When I make a performance, I think about making a place.  My worlds have a coherent internal logic.  All of the elements make sense in relationship to one another, no matter how bizarre they seem from the outside.  It’s an immersive experience.  Just relax, there’s nothing to solve.  It’s like when you travel to a foreign country and find yourself in a situation where you have no idea what’s going on, but everybody else seems to.  I love the part that’s mysterious to me.


In person, I’m not very funny.  But I make dances that crack me up.  I like what laughter does for audiences; it breaks the ice, makes them comfortable, and opens them up to experience other, more difficult emotions.  That said, I don’t try to predict what audiences will find funny, and I’m always surprised by exactly when people laugh.


In person, I’m not morose, violent, or bleak, either, but I do keep coming back to dark places.  I’ve used fake body parts, stage blood, and mimed murders and drawn on childhood violence, mythological violence, and political violence.  I’m deeply troubled by violence, particularly by how it can seem alternately real and unreal.  That said, this fascination is also linked to my sense of humor.  When do we need humor most, and when is it funnier, than when we’re scared?


Improvisation is an important part of my work.  I love to see performers actively figuring something out.  It’s real.  Right now I’m experimenting with tight game structures and also very open ones, relying only on ideas about movement initiation.  I’m searching for a framework that gives performers plenty of space to make unexpected connections, but at the same time plenty of support, so they don’t feel adrift in possibilities.

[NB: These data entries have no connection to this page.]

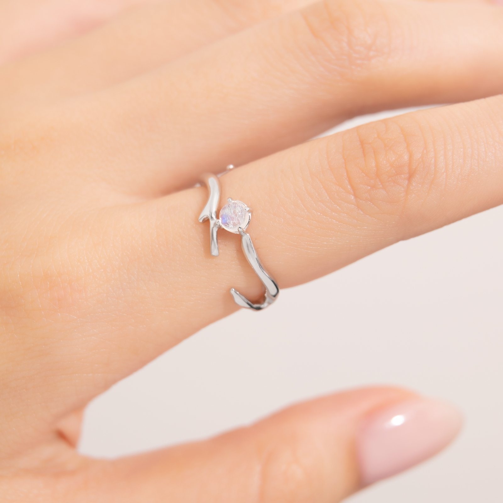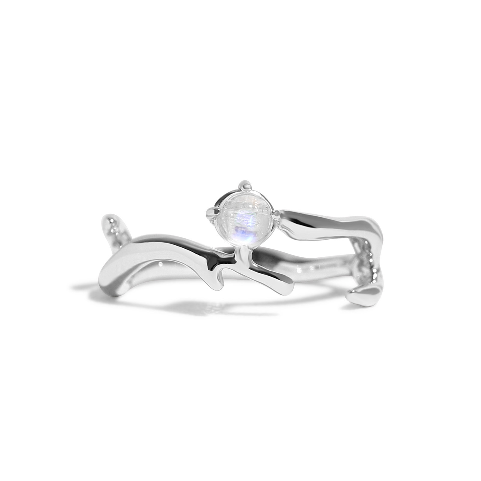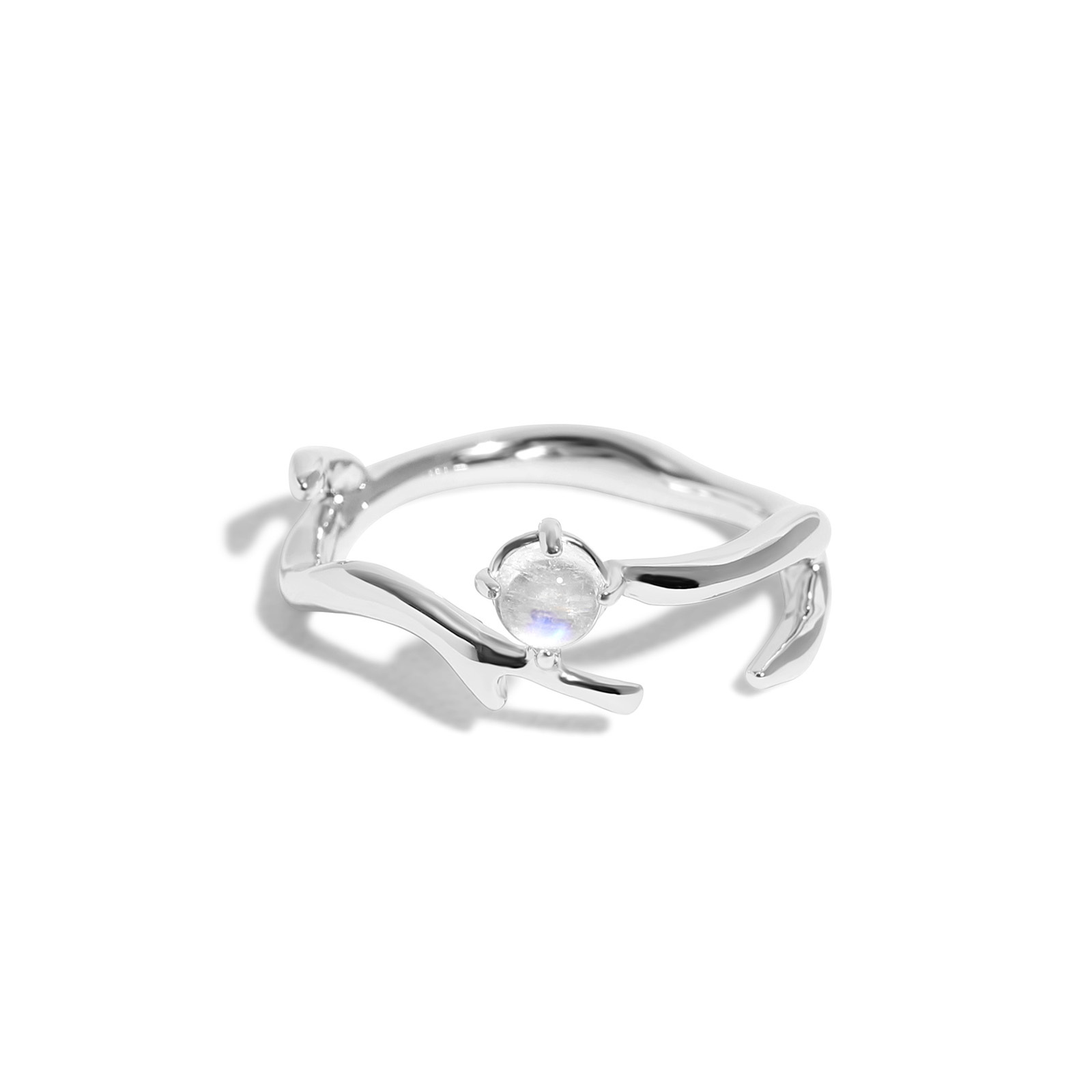 The natural moonstone set at the center symbolizes fated love and deep connection.
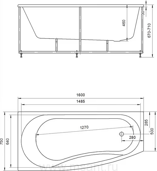Акриловая ванна Акватек Пандора 160x75 L, с каркасом, сливом-переливом, без фронтального экрана
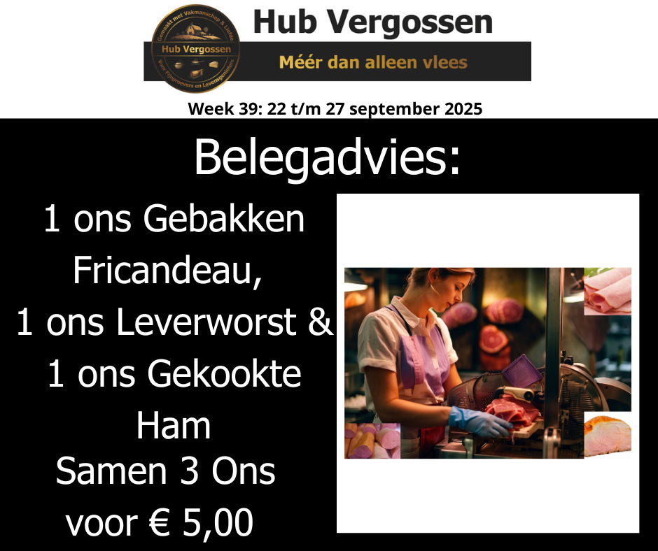 Belegadvies: 1 ons Gebakken Fricandeau, 1 ons Leverworst & 1 ons Gekookte Ham, Samen 3 ons voor € 5,00
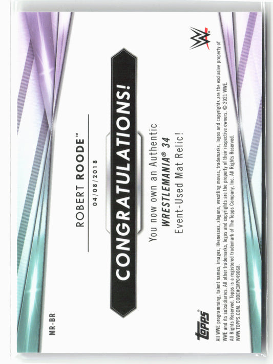 This is a nice example of a 2021 Topps WWE #MR-BR Robert Roode Mat Relics Other important information about this card:MEMIn 2021 Robert Roode played for the WWE.Please check out...
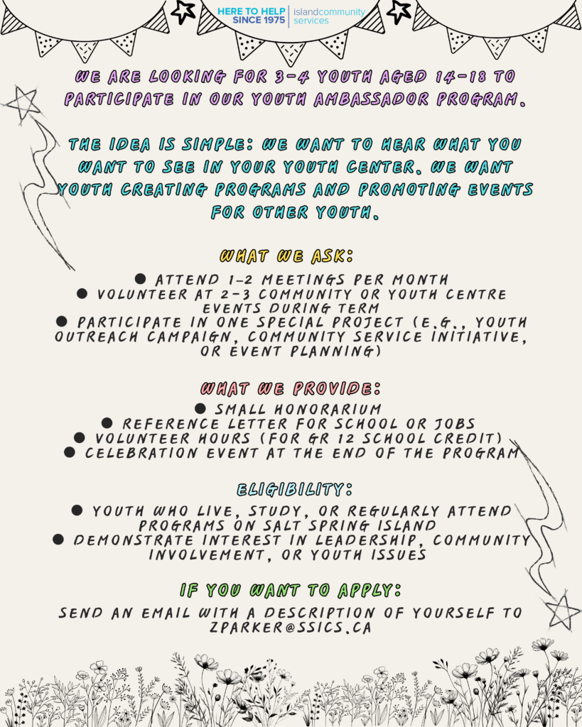 We are looking for 3-4 youth aged 14-18 to participate in  our Youth Ambassador Program.
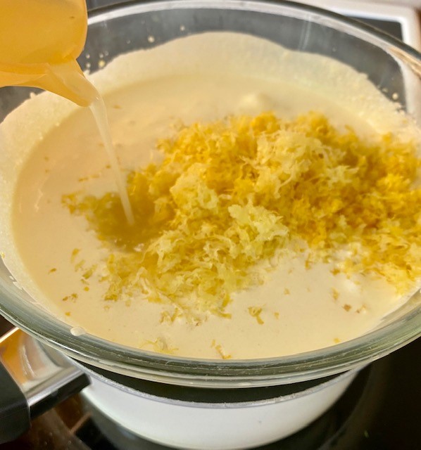 Ställ skålen över ett sjudande vattenbad och häll i citronjuice och citronskal. Rör runt med jämna mellanrum tills krämen tjocknar (tar cirka 15-20 minuter).
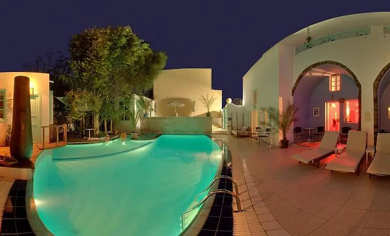 In the village of Oia on Santorini you will find The Museum Spa Wellness Hotel, featuring a charming pool and garden. Most of the studios and suites have private terraces with views over the Caldera, the Aegean Sea, the pool or the garden. All units are generously equipped with air conditioning, satellite TV, safe and hairdryer. After a dip in the pool, guests can relax by two of the oldest olive trees on the island. Continental breakfast is served in the morning. For a small fee, you can enjoy the Spa services. Guests can choose between massages, aromatherapy, facials and various other therapeutic treatments.
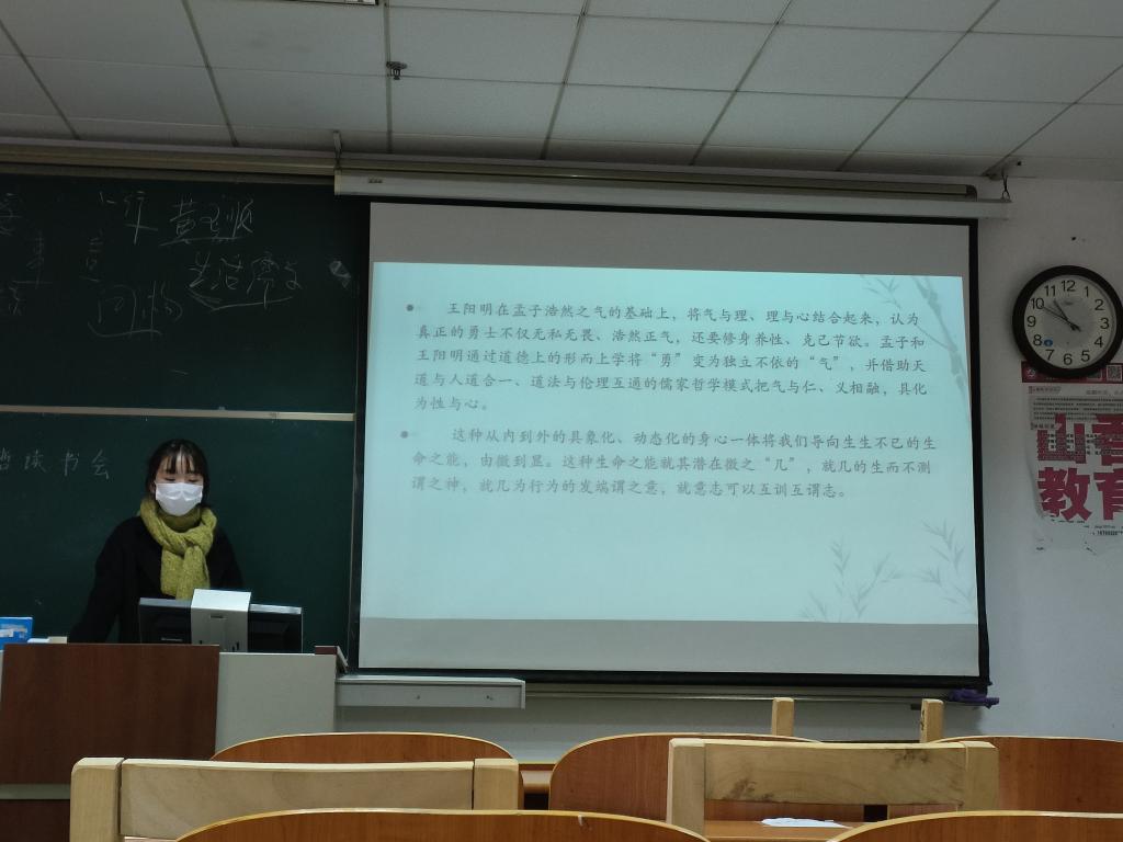 2022级苏鑫宇同学分享论文儒家论“勇”从外在依赖性到内在独立性,从勇的含义、勇的规范、勇的培养来进行讲解,分析和论述了中华传统勇德教育缺失,利己主义思潮抬头、当代青年精神生活匮乏,培养勇气的方法不止一种,在柏拉图的《理想国》中,接受了雅典以体操锻炼身体,以音乐陶冶心灵的和谐发展的教育思想。孟子也曾经谈到北宫黝和孟施舍培养勇气的方法。
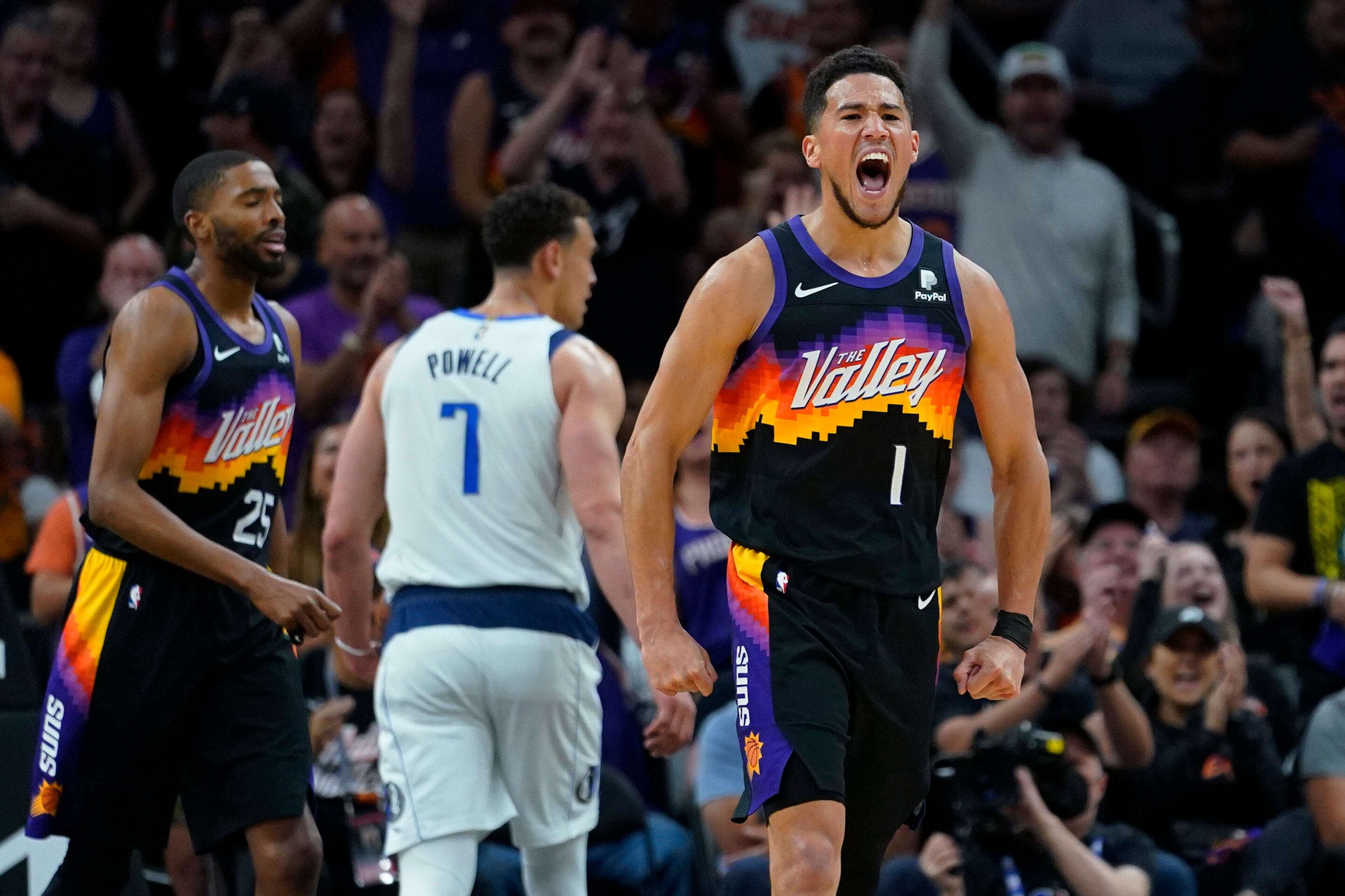 El jugador de los Suns de Phoenix Devin Booker (1) celebra una canasta contra los Mavericks de Dallas, en el primer juego de su serie de playoffs de la Conferencia Oeste de la NBA, el lunes 2 de mayo de 2022 en Phoenix. (AP Foto/Matt York) (Matt York/AP)
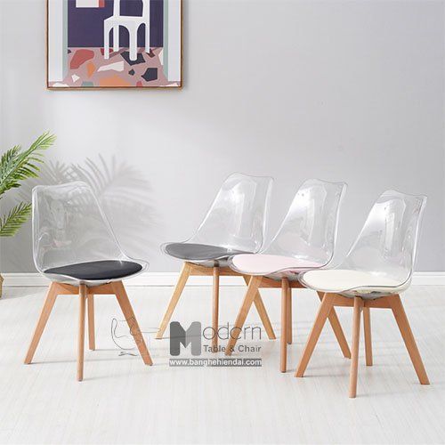 Ghế bàn ăn thân nhựa trong suốt có nệm ngồi bọc simili chân gỗ hiện đại DSW-PC3

I work with types of performance that you might not immediately describe as dancing.  I’ve used voiceover, bad mime, tableau vivant, oration, and song.  I’ve even played children’s games like “Telephone” with the audience.


I also work with abstract movement.  My language is contorted and fluid, awkward and elegant, spasmodic and languid.  I’ve been initiating flings and flicks from the tips of my toes and fingers, exploring a supreme looseness that’s my second nature.  Ball-and-socket joints fascinate me.  I’m honing a disjointed, disconnected body, a strong contrast with the integration I’d practiced for years as a dance student. 


Recently, I’ve expanded my investigation to include other dancers, and I’m fascinated by how differently my ideas are expressed in their bodies.  I’m learning from their interpretations and discovering an entirely new dimension to my movement.  It’s like translating a poem from Spanish to Japanese and back to Spanish—and having an entirely different poem.